### ENTRIES SUPPLIED

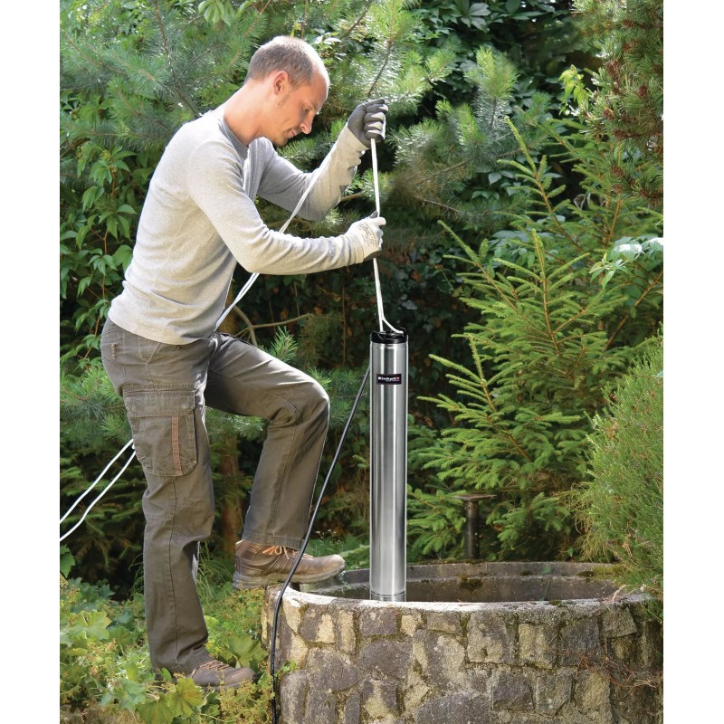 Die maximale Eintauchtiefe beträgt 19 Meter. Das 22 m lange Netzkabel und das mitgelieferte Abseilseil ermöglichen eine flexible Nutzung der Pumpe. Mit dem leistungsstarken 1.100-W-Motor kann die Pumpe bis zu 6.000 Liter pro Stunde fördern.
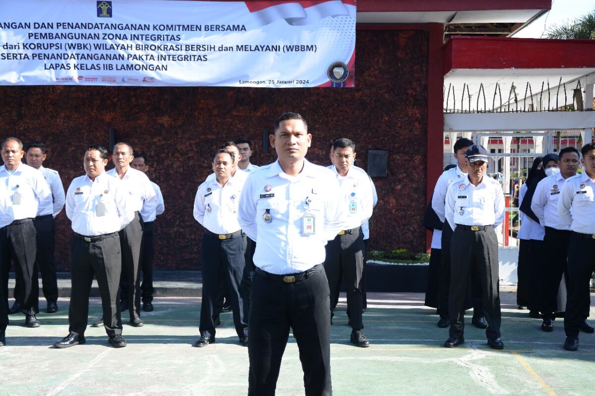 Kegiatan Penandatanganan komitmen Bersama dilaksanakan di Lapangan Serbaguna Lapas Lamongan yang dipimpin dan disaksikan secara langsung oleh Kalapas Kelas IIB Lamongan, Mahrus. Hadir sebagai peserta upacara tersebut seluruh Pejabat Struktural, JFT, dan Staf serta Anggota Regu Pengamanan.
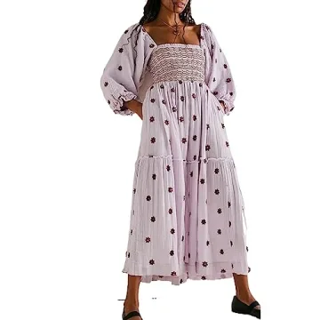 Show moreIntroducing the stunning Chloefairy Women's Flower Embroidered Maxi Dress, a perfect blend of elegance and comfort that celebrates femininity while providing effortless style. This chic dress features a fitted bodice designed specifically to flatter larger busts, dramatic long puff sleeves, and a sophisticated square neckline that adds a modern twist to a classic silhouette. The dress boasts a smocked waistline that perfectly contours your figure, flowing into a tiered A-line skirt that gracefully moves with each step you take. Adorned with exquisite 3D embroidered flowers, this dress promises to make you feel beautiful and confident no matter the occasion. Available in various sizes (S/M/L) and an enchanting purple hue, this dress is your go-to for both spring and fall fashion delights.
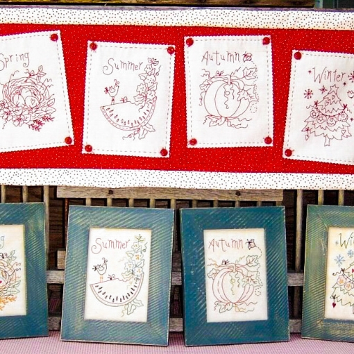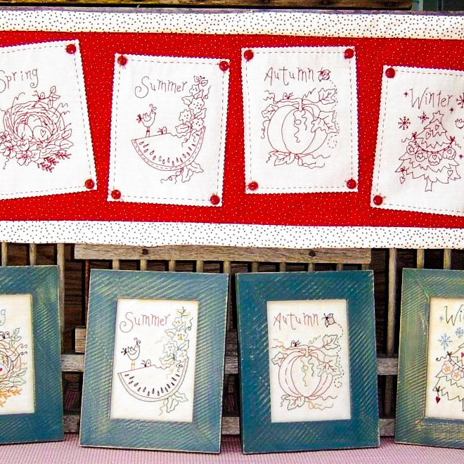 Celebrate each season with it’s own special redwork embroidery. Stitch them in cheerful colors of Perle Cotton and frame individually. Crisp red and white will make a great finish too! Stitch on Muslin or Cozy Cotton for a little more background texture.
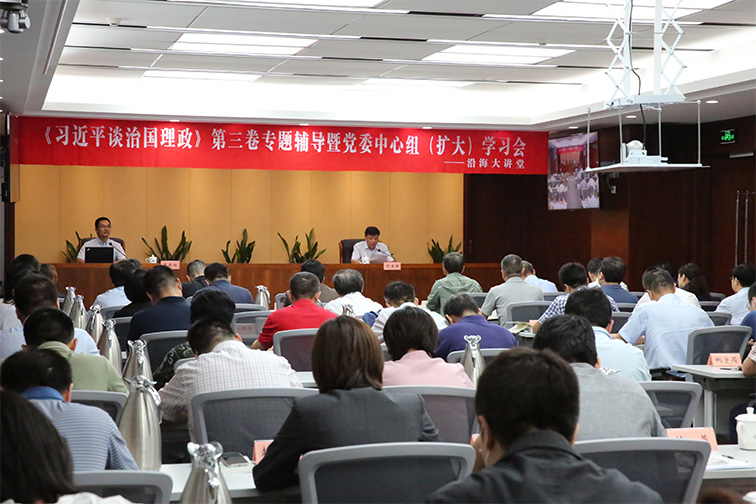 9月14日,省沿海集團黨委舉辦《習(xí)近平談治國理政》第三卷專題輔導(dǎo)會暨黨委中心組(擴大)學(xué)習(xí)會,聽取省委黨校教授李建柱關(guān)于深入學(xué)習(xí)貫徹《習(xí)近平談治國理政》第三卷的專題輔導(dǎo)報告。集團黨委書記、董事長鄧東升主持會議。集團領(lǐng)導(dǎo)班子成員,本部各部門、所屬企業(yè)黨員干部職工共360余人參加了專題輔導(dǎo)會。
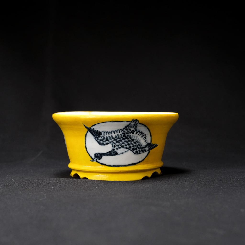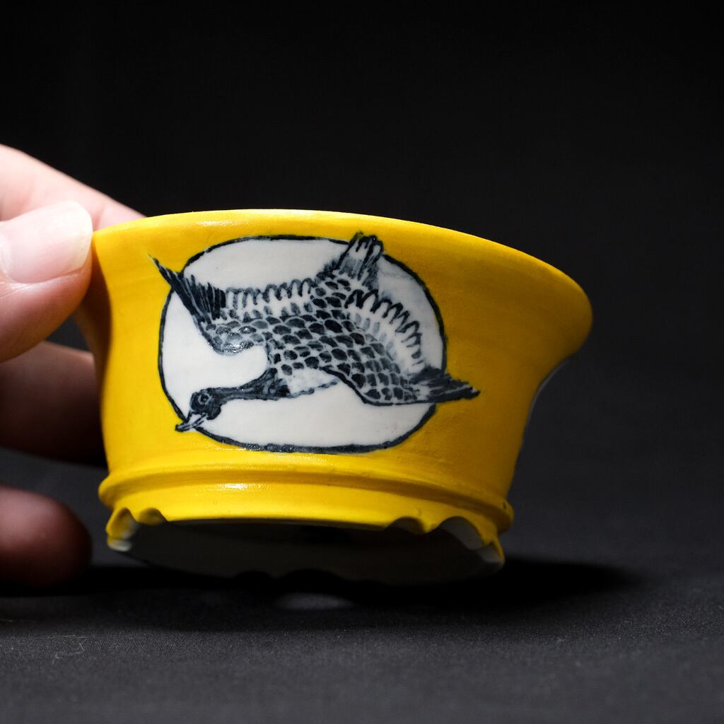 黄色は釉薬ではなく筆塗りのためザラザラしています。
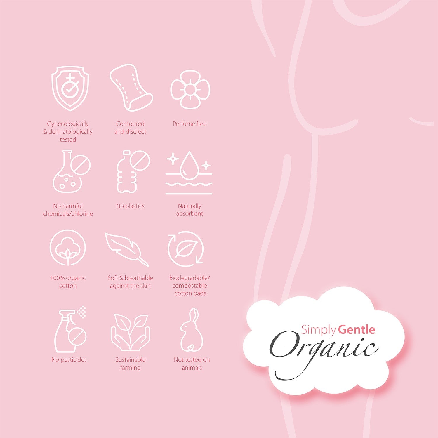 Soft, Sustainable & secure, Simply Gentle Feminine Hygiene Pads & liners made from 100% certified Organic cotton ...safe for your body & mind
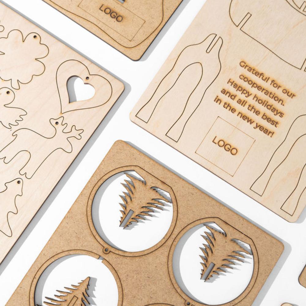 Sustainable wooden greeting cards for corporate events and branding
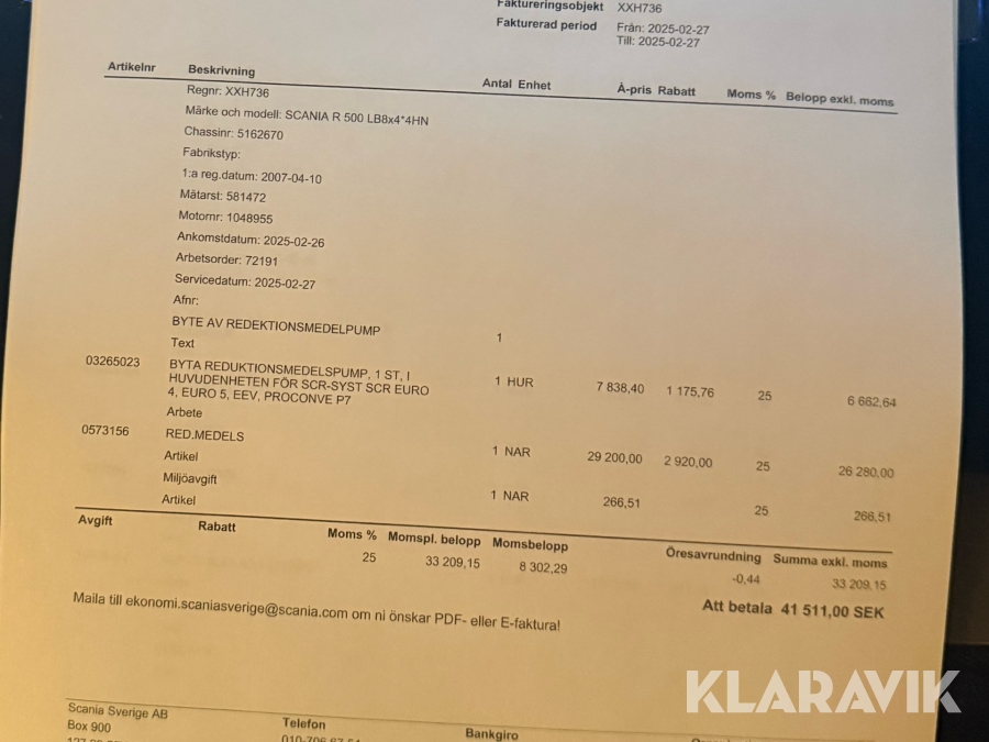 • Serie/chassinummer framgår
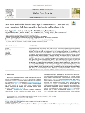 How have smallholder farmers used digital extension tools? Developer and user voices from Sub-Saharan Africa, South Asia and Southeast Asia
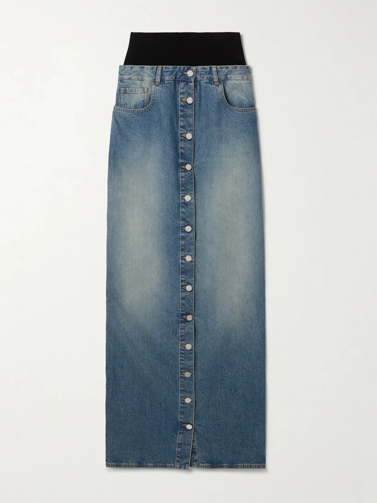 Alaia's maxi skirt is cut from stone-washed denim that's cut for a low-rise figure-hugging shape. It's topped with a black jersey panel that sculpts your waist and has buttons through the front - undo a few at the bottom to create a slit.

### ACTIVITY
Using the entries above, write out exactly the lines from the one with "Kegiatan Penandatanganan komitmen" through the one with "Soft, Sustainable &", ends included. Leave out any pictures.

### EXPECTED ANSWER
 Kegiatan Penandatanganan komitmen Bersama dilaksanakan di Lapangan Serbaguna Lapas Lamongan yang dipimpin dan disaksikan secara langsung oleh Kalapas Kelas IIB Lamongan, Mahrus. Hadir sebagai peserta upacara tersebut seluruh Pejabat Struktural, JFT, dan Staf serta Anggota Regu Pengamanan.
 Show moreIntroducing the stunning Chloefairy Women's Flower Embroidered Maxi Dress, a perfect blend of elegance and comfort that celebrates femininity while providing effortless style. This chic dress features a fitted bodice designed specifically to flatter larger busts, dramatic long puff sleeves, and a sophisticated square neckline that adds a modern twist to a classic silhouette. The dress boasts a smocked waistline that perfectly contours your figure, flowing into a tiered A-line skirt that gracefully moves with each step you take. Adorned with exquisite 3D embroidered flowers, this dress promises to make you feel beautiful and confident no matter the occasion. Available in various sizes (S/M/L) and an enchanting purple hue, this dress is your go-to for both spring and fall fashion delights.
 Celebrate each season with it’s own special redwork embroidery. Stitch them in cheerful colors of Perle Cotton and frame individually. Crisp red and white will make a great finish too! Stitch on Muslin or Cozy Cotton for a little more background texture.
 9月14日,省沿海集團黨委舉辦《習(xí)近平談治國理政》第三卷專題輔導(dǎo)會暨黨委中心組(擴大)學(xué)習(xí)會,聽取省委黨校教授李建柱關(guān)于深入學(xué)習(xí)貫徹《習(xí)近平談治國理政》第三卷的專題輔導(dǎo)報告。集團黨委書記、董事長鄧東升主持會議。集團領(lǐng)導(dǎo)班子成員,本部各部門、所屬企業(yè)黨員干部職工共360余人參加了專題輔導(dǎo)會。
 黄色は釉薬ではなく筆塗りのためザラザラしています。
 Soft, Sustainable & secure, Simply Gentle Feminine Hygiene Pads & liners made from 100% certified Organic cotton ...safe for your body & mind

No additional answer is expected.